- **What is expected**: Repeat, word for word, every line from the line holding "À travers ses" through the final line of the entries below. Skip all pictures.
*** Data Section Begins ***
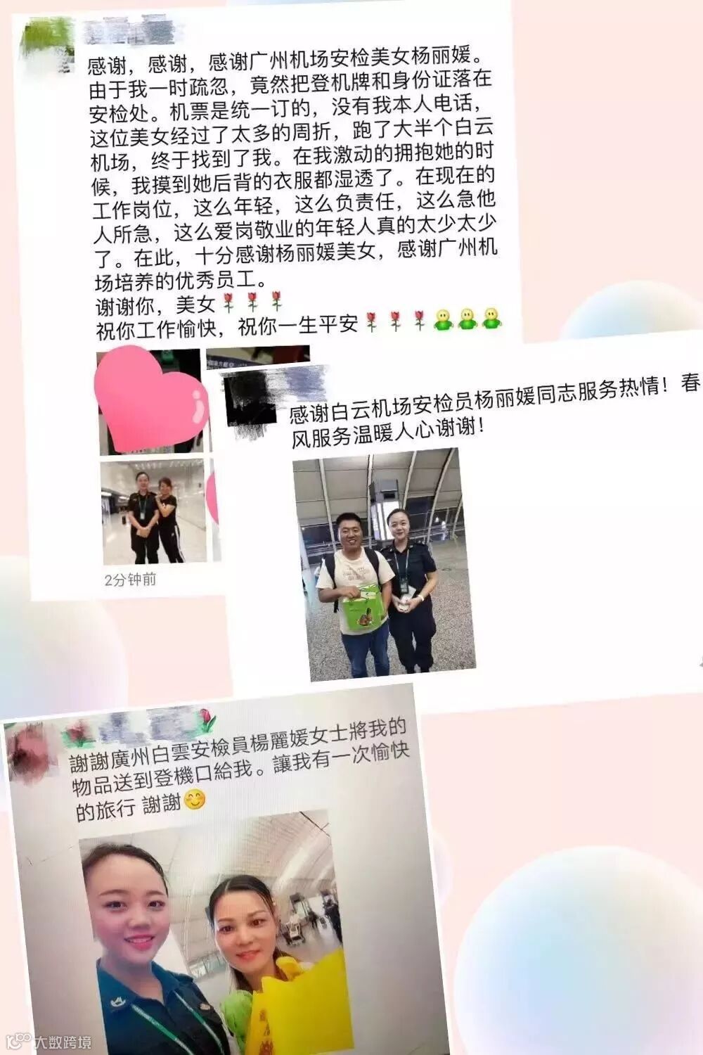 🔸杨丽媛 广州白云国际机场安检员 旅客们多次发朋友圈赞扬其细致入微,并赠送锦旗“热情待人,真情服务”。
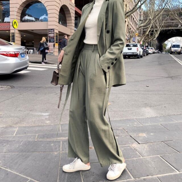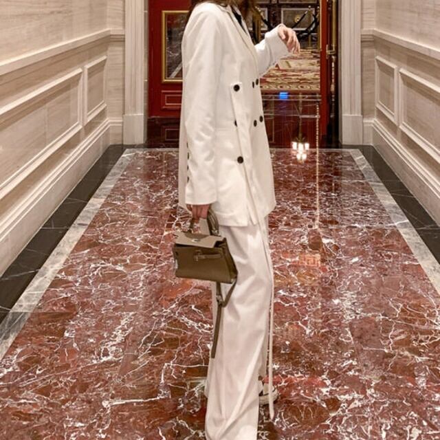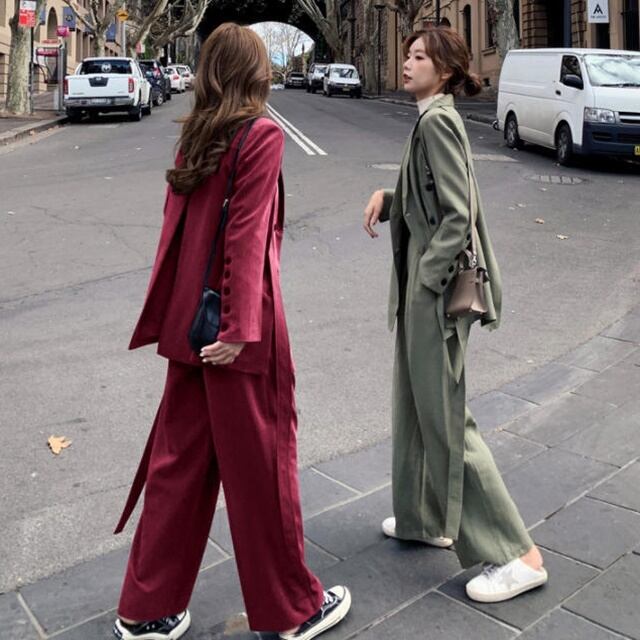 【送料無料】セットアップ レディース おしゃれ パンツスーツ 卒園式 大きいサイズ 卒業式 長袖 ジャケット ワイドパンツ きれいめ ハイウエスト フォーマル お呼ばれ 同窓会 大人 上品 20代 30代 40代 グリーン レッド ブルー ホワイト BY-083
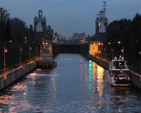 "Волго-Дон 5077" в шлюзе №7 Канала имени Москвы в Москве. 26 октября 2015 года
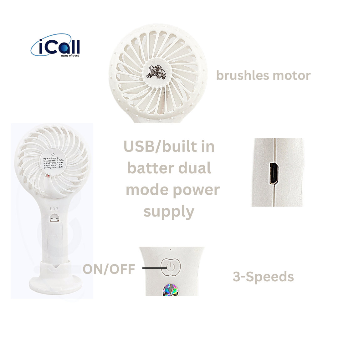 icall Mini Portable LD3 Hand Fan (3 Speed) modes Build-in Rechargeable Battery with Table Holder Powerful Rechargeable Fan
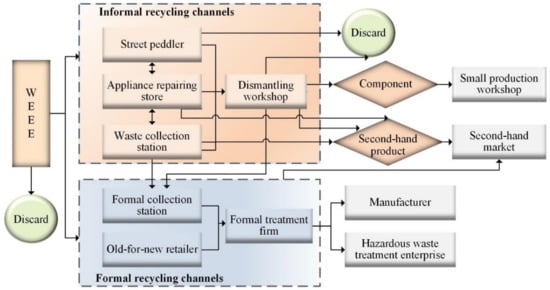 In China, the volume of WEEE is growing at a rate of 20% per year [56]. Appropriate collection methods are as the premise of reutilizing resources of EOL products. On the basis of classification of collection channels, we conclude the flow path of WEEE by the public survey, field research and information search on the Internet, as shown in Figure 2. In the following, we elaborate collection entities of informal recycling channels and formal recycling channels, respectively.
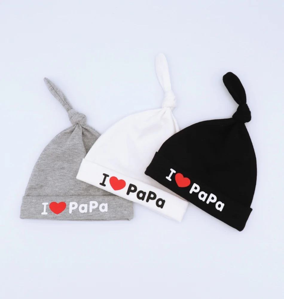 Осенне-весенняя детская шапка, детская вязаная шапка из шапочка для новорожденного хлопка с принтом Я люблю папу, маму, шапки для мальчиков и девочек
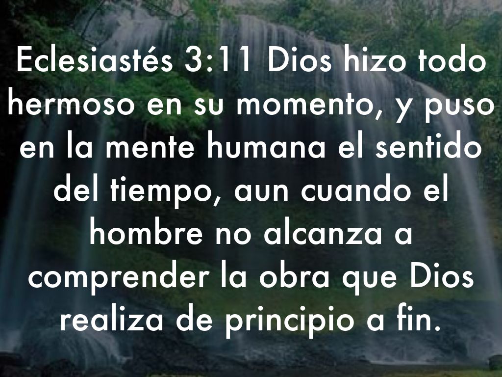 Eclesiastés 3:11 Dios hizo todo hermoso en su momento, y puso en la mente humana el sentido del tiempo, aun cuando el hombre no alcanza a comprender la obra que Dios realiza de principio a fin.
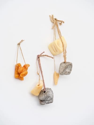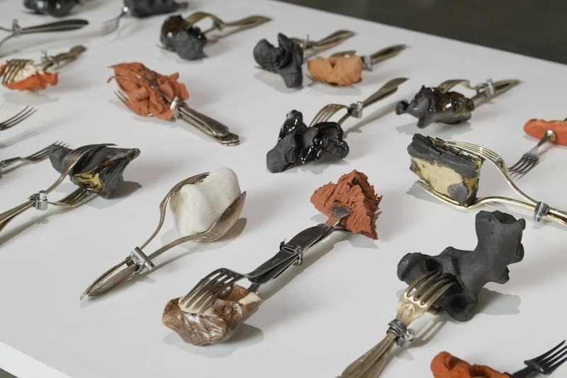 À travers ses œuvres, Myriam Mihindou explore les mots de la langue Française, comme si ses voyages en Egypte, au Maroc où à la Réunion sont en quelque sorte la ligature d’un carnet de rencontres où les objets et les formes s’accomplissent de son regard artistique. D’ailleurs elle évoque dans son travail les matériaux nobles tels que le cuivre, ou la terre qui se mélangent avec la soie ou le thé, débridant de la sorte des langages imaginaires. Dans la série Embody de 2017, il s’agit d’un jardin médicinal, elle met en lumière l’interconnexion des différentes formes du vivant, où le divin croise plusieurs regards, dont celui du visiteur (salle 8). Autre parcours dans la continuité, la salle 9 où « Fleurs de peau » (1999-2024), fournit la matière à l’artiste qui rythme son travail au gré des fantaisies des savons de Marseille … (Savons de Marseille, savons, chanvre, épingles, aiguilles, cire, coton, latex, kaolin)
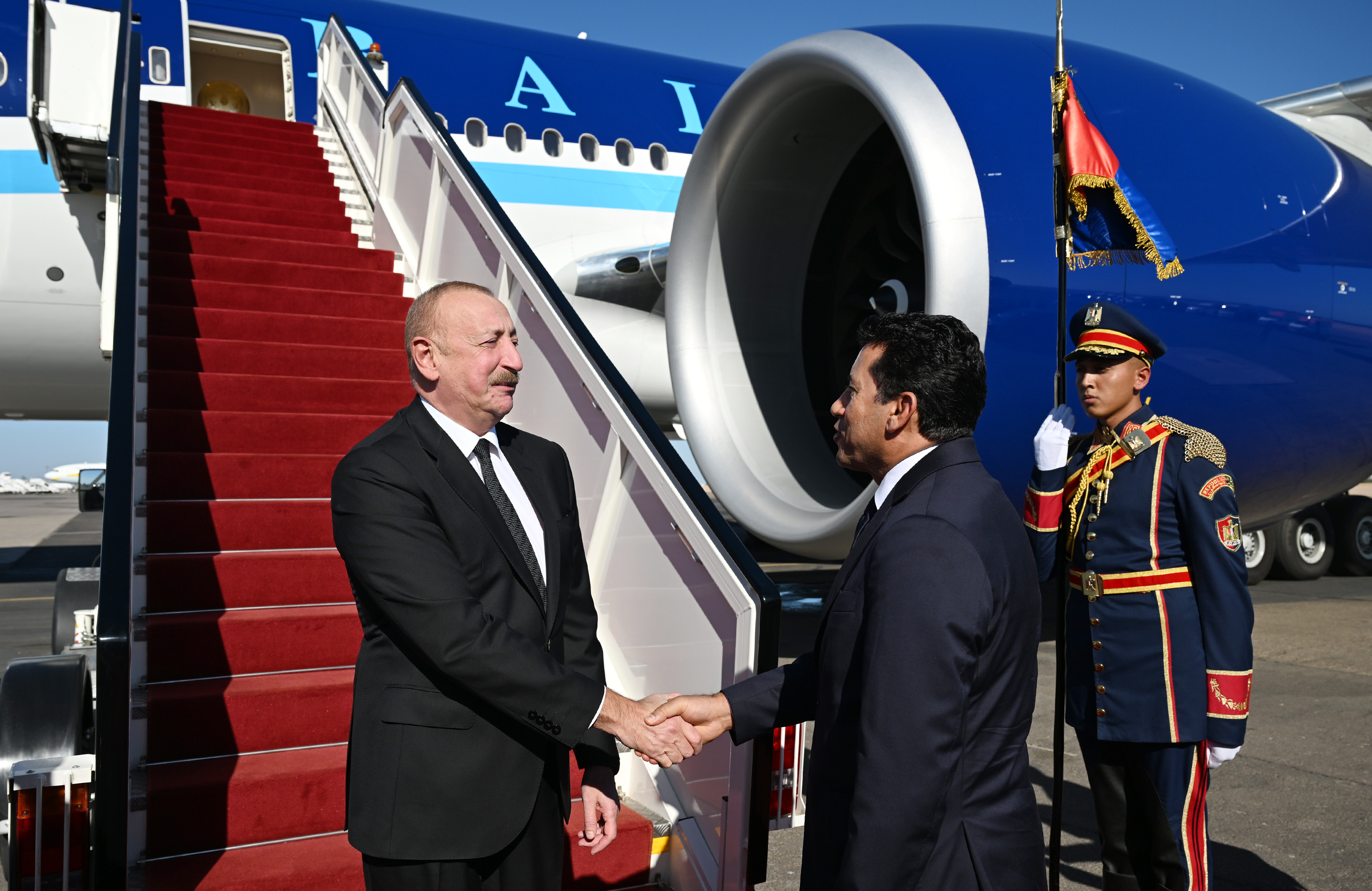 Azərbaycan Prezidentini Misirin gənclər və idman naziri Əşrəf Subhi və digər rəsmi şəxslər qarşıladılar.
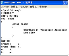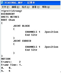 1 編寫mof文件代碼,mof文件格式很簡單,大家可以通過查閱Polis和case(Library—Virtual reality cases—MOFOR Moving Objects),有詳細案例介紹,下面就是一個簡單的mof文件,這段代碼定義了一個簡單的線性運動物體。
*** Data Section Ends ***
- **Reply to the task**:
 À travers ses œuvres, Myriam Mihindou explore les mots de la langue Française, comme si ses voyages en Egypte, au Maroc où à la Réunion sont en quelque sorte la ligature d’un carnet de rencontres où les objets et les formes s’accomplissent de son regard artistique. D’ailleurs elle évoque dans son travail les matériaux nobles tels que le cuivre, ou la terre qui se mélangent avec la soie ou le thé, débridant de la sorte des langages imaginaires. Dans la série Embody de 2017, il s’agit d’un jardin médicinal, elle met en lumière l’interconnexion des différentes formes du vivant, où le divin croise plusieurs regards, dont celui du visiteur (salle 8). Autre parcours dans la continuité, la salle 9 où « Fleurs de peau » (1999-2024), fournit la matière à l’artiste qui rythme son travail au gré des fantaisies des savons de Marseille … (Savons de Marseille, savons, chanvre, épingles, aiguilles, cire, coton, latex, kaolin)
 Azərbaycan Prezidentini Misirin gənclər və idman naziri Əşrəf Subhi və digər rəsmi şəxslər qarşıladılar.
 1 編寫mof文件代碼,mof文件格式很簡單,大家可以通過查閱Polis和case(Library—Virtual reality cases—MOFOR Moving Objects),有詳細案例介紹,下面就是一個簡單的mof文件,這段代碼定義了一個簡單的線性運動物體。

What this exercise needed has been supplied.